Records drawn from a dataset:

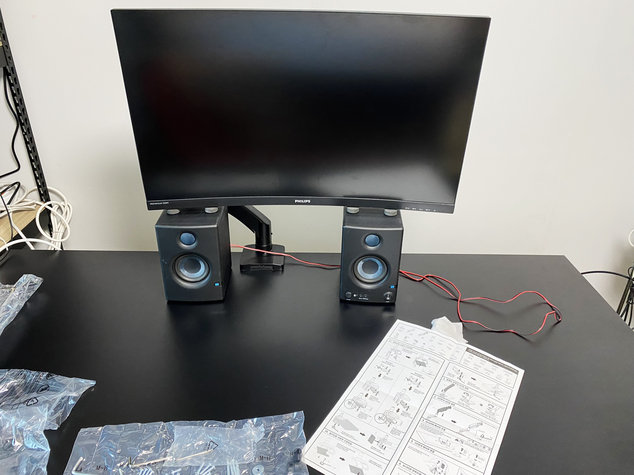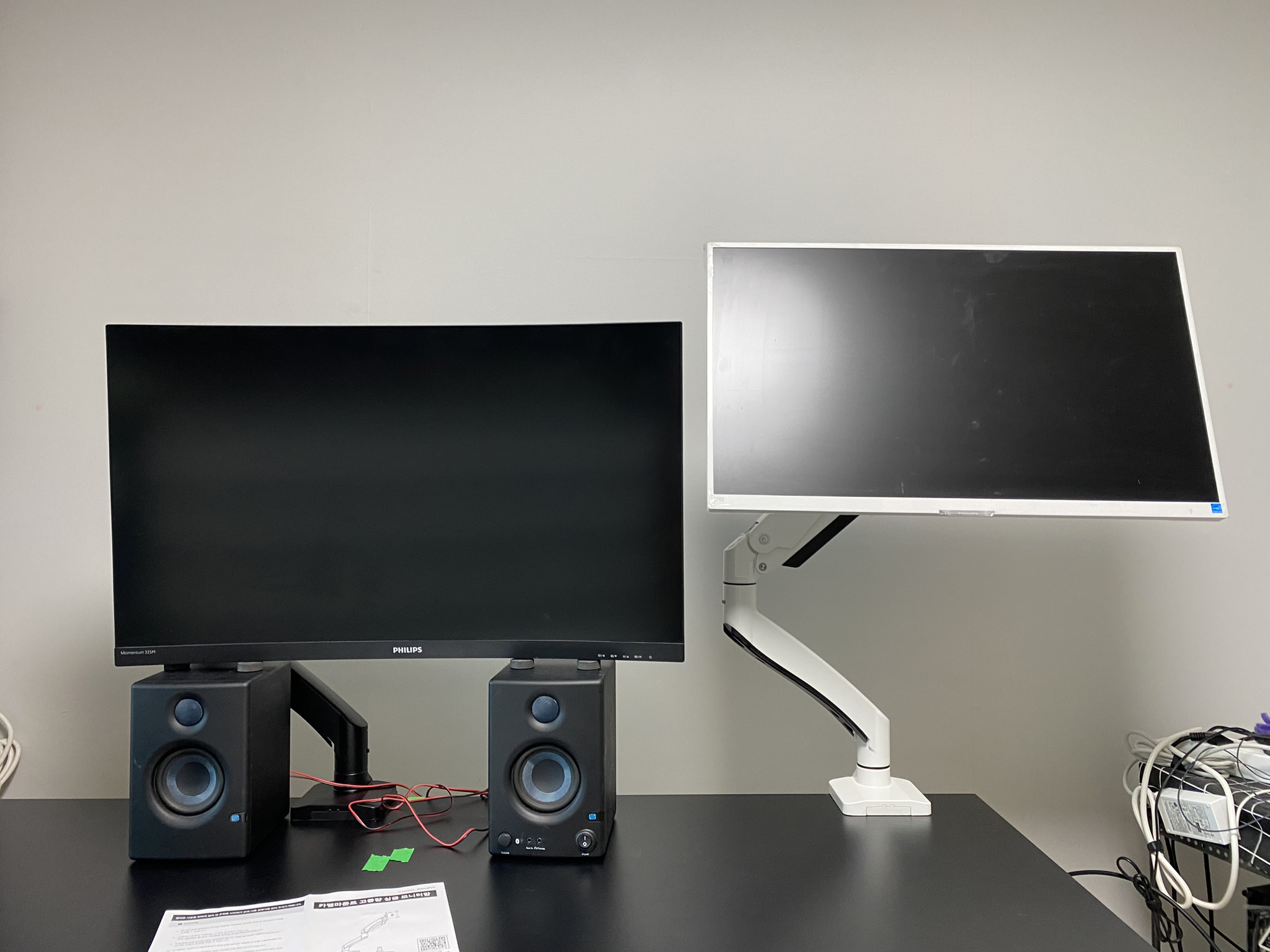대신 색상은 검정색으로 했습니다. 이번에는 검정색 버전도 풀려있었습니다. 이전에 검정 모니터를 흰색 모니터암에 맞추었었으니, 검정 모니터암을 사서 바꿔주면 될 것 같았습니다.
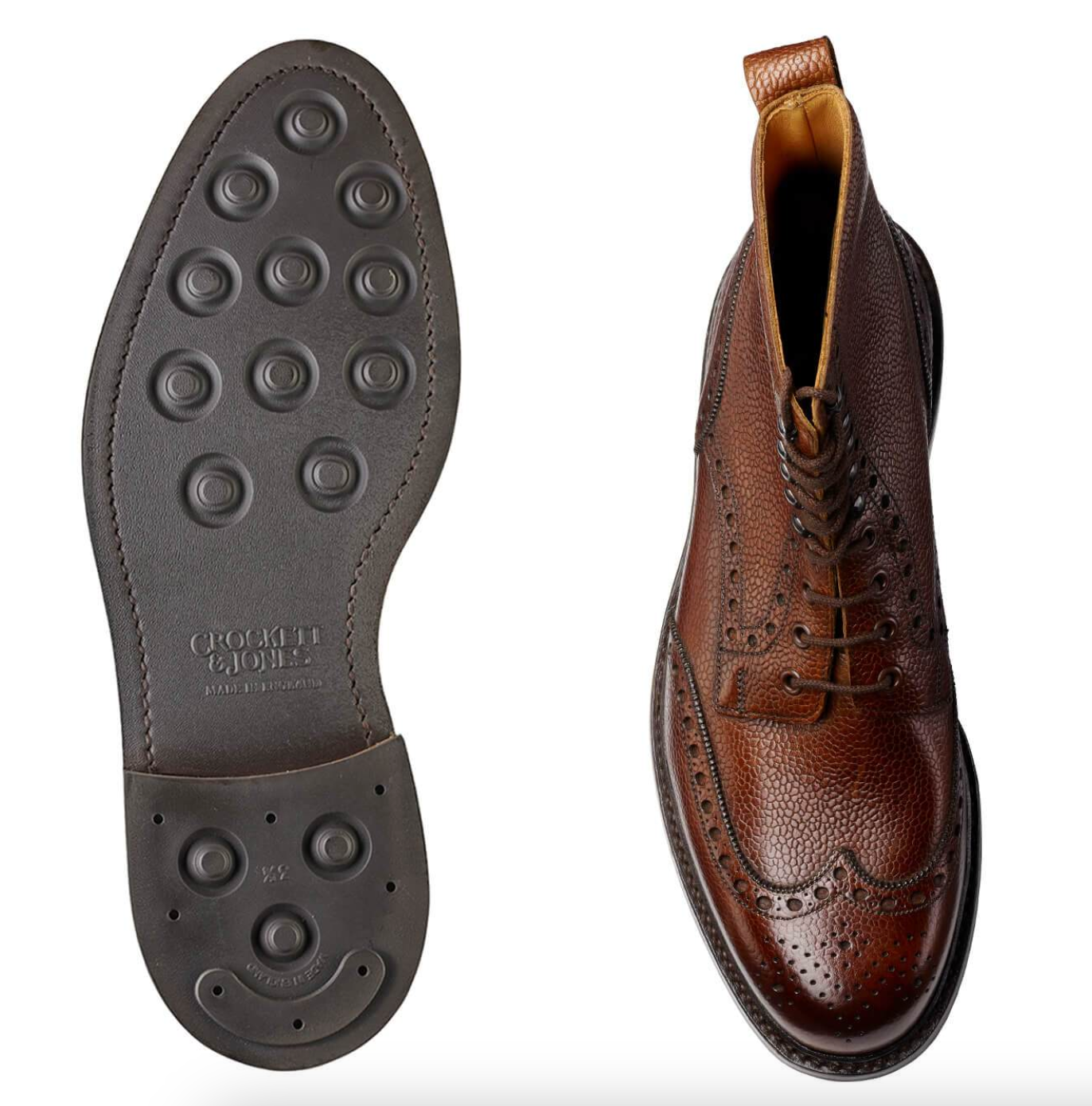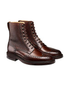 Islay, a full brogue derby boot with wing tip design and bold punching detail. Made from the finest dark brown scotch grain calf with Dainite rubber soles and storm welts for added water resistance. From the Men's Main Collection. As worn by Daniel Craig as James Bond in 'Skyfall'
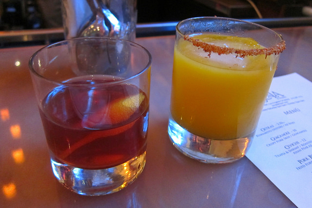 My friend had the Sancho Reyes. The Ancho Reyes chili liqueur is popping up all menus in LA. I love the subtly sweet and spicy liqueur. With tequila, mango and everyone’s favorite spice garnish, tanjin, the flavors were so familiar.
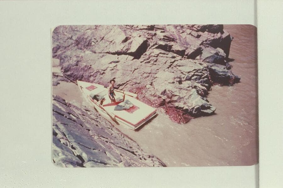 Susie Reilly in the "Galloway," 2/3 of the way down Sockdologer Rapid. Bright Angel gauge: 15,000 cfs
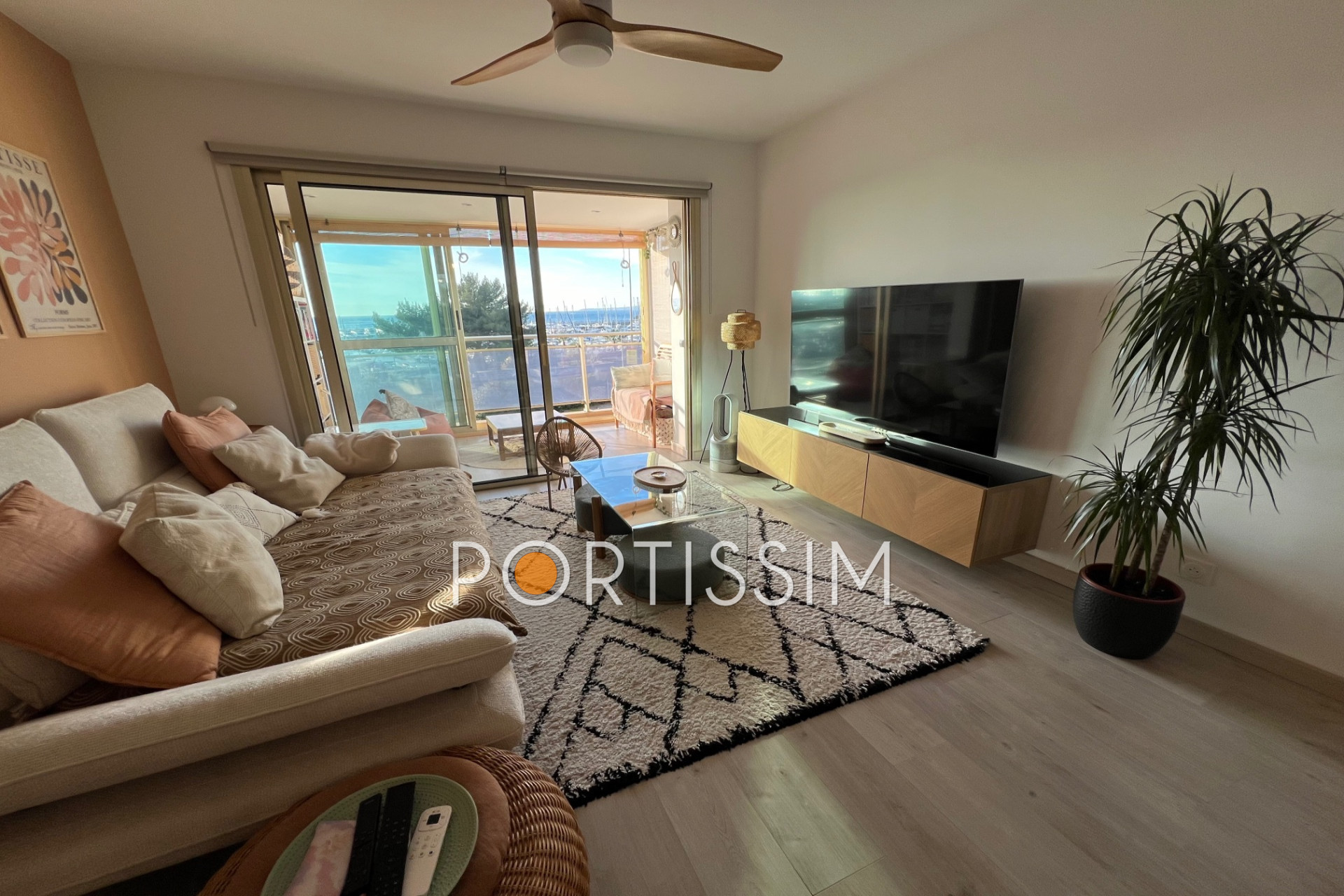 Bel appartement 3 Pièces traversant, belle vue mer panoramique sud, deux chambres avec rangements et très calmes, cuisine équipée moderne, salle de douche à l’Italienne, wc indépendant, terrasse et Balcon, étage élevé. Cave et Parking privatif,

**WHAT IS NEEDED**. Working down from the line with "Susie Reilly in", copy each line exactly until the last line of the entries, which is also included. Omit the pictures.

**RESPONSE**.
 Susie Reilly in the "Galloway," 2/3 of the way down Sockdologer Rapid. Bright Angel gauge: 15,000 cfs
 Bel appartement 3 Pièces traversant, belle vue mer panoramique sud, deux chambres avec rangements et très calmes, cuisine équipée moderne, salle de douche à l’Italienne, wc indépendant, terrasse et Balcon, étage élevé. Cave et Parking privatif,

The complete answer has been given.